Last up is the electrician. He lays out the canned lights nicely centered in the room, plumbs up and finds a joist smack dab in the way. He won't cut the joist out, he'll just modify the lights so they won't be perfectly centered in the room and let the builder know. Don't be surprised if you're the carpenter and get a call to cut the joist out and move it so the lights can be installed the way the architect intended.
Now that we can see how our engineered lumber layout is used and how other trades see their place, let's redo the plan as a sales rep/consultant. Put the joists at 16" o.c. starting from one side. The second-to-last space is 12" and the last joist space is again 16". Joists are offset to miss plumbing fixtures, the canned lights, and the B vent. and the offset dimensions are shown on the plan. The builder is consulted about the 12" o.c. spacing for joists in the great room. Should he keep the wide flange joist and use different size vents or narrower flange joists that are deeper to would allow the standard 10" register?

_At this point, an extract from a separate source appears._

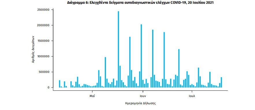 Αυτοδιαγνωστικοί έλεγχοι (Self-tests): Έως 19 Ιουλίου 2021, έχουν καταγραφεί ηλεκτρονικά 29.143.346 δηλώσεις αποτελέσματος αυτοδιαγνωστικού ελέγχου, ενώ 669.238 άτομα προσήλθαν για επανέλεγχο.

Of course changing to a different depth joist means that the carpenter must modify the bearing, so the options to fix this are reviewed well in advance of the carpenter ever showing up on the site. What we've done with this second solution is try to predict with relative certainty the trades that will be impacted in order to save the builder a lot of nightmares. Nightmares that he's dealt with a hundred times before... until now, when you take the initiative to learn the trades and become his engineered lumber "framing consultant."